If you didn't know, Drupal's written in PHP, and the upcoming Drupal 8 uses
the Symfony framework. I always recommend learning new languages, but there's
no pressing need for you to get out of PHP to move forward!

------
xauronx
If someone smirked at me for knowing PHP, I'd gladly walk away from the
conversation. Knowing a programming language (actually, knowing _anything_ )
is a positive thing. PHP isn't glamorous but it is widely used, popular, and
effective at solving a goal.

That being said, I was a Delphi developer for 5 years out of school. There's a
random little used language for you. I spent a year teaching myself iOS,
brushing up on my PHP and javascript. I then tweaked my resume depending on
the job I was applying to, regarding the order I listed the languages.
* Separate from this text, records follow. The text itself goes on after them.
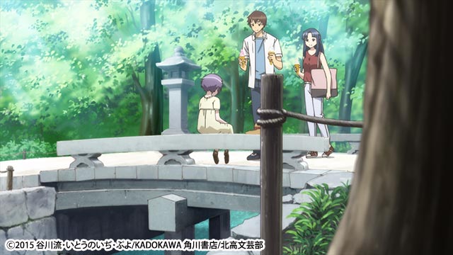 境内の小川と橋、鳥居の場面
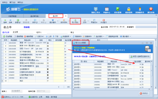 信管飛RMS軟件如何通過Excel批量導入盤點數量?
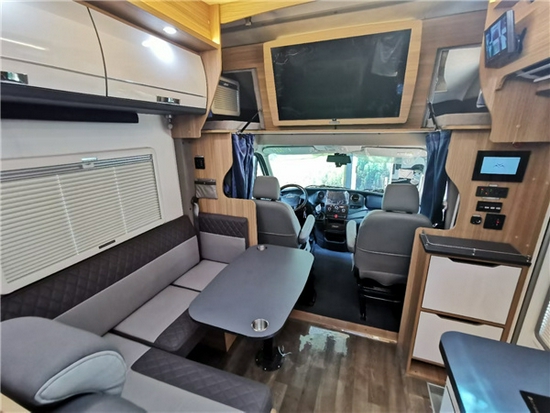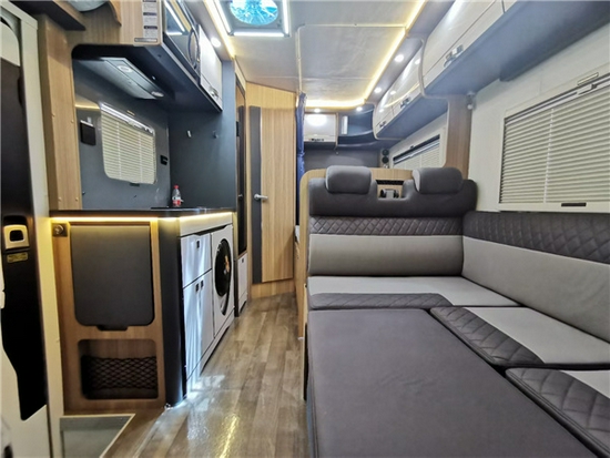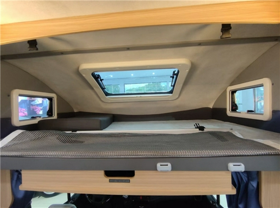 前额头配有天窗及双人床(2210*1500mm)。影音娱乐配有互联网智能电视(可选装投影幕布)搭配高品质音响,视听效果更加震撼。
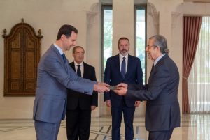 שר ההגנה מקבל את פני שגריר בחריין בסוריה
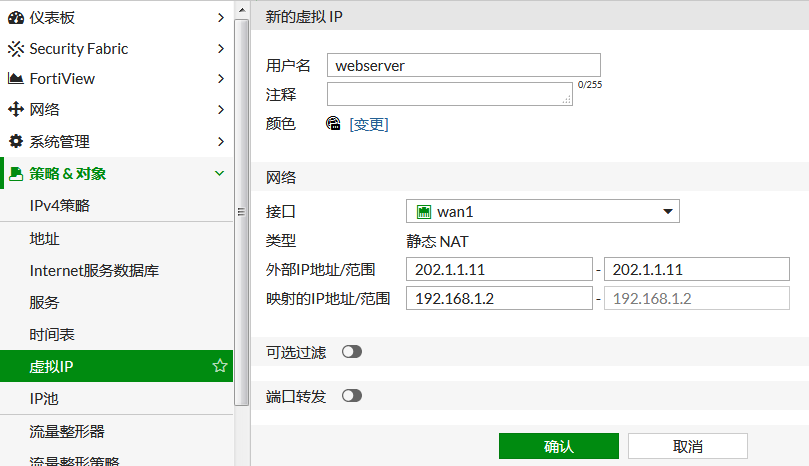 配置虚拟IP:名称为webserver,用于wan1口的
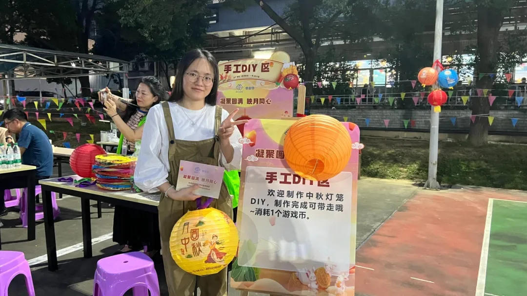 中秋节怎能少了灯笼作伴,活动现场设置了手工DIY区,大家互相帮助制作出一个个精美的灯笼,点亮会场。

Get
someone on the phone/interview and explain to them how great you are from
there.

Of course, in your mid thirties you might have less freedom to take an entry
level job.

------
julianpye
You do have Java expertise, so Android would be a logical step. Try out
Jetbrain's and Google's new Android Studio to leapfrog over the Eclipse
experience. Alternatively learn AngularJS or a similar JS framework and use
PHP to serve JSON to state-of-the-art single-page type apps. You can run such
PHP scripts on the new Appengine for PHP, so you end up with a highly scalable
solution that is also not bad in performance. I think the best way to progress
is take something that you know and combine it with state-of-the-art practises
or tech. Be glad that you didn't learn some of the technologies that developed
over the past years (Rails for example is starting to get out of fashion since
it is not so useful/overkill for JS apps) and leapfrog to the new ones.

------
gesman
PHP is perfect to develop and sell your own web-related products (extensions,
plugins, themes, integrations).

------
antonio-R
You can start some side projects in other language like Python or Ruby, do
some coding, work on freelance gigs, and earn some experience. That way you
will have something to use in a future interview.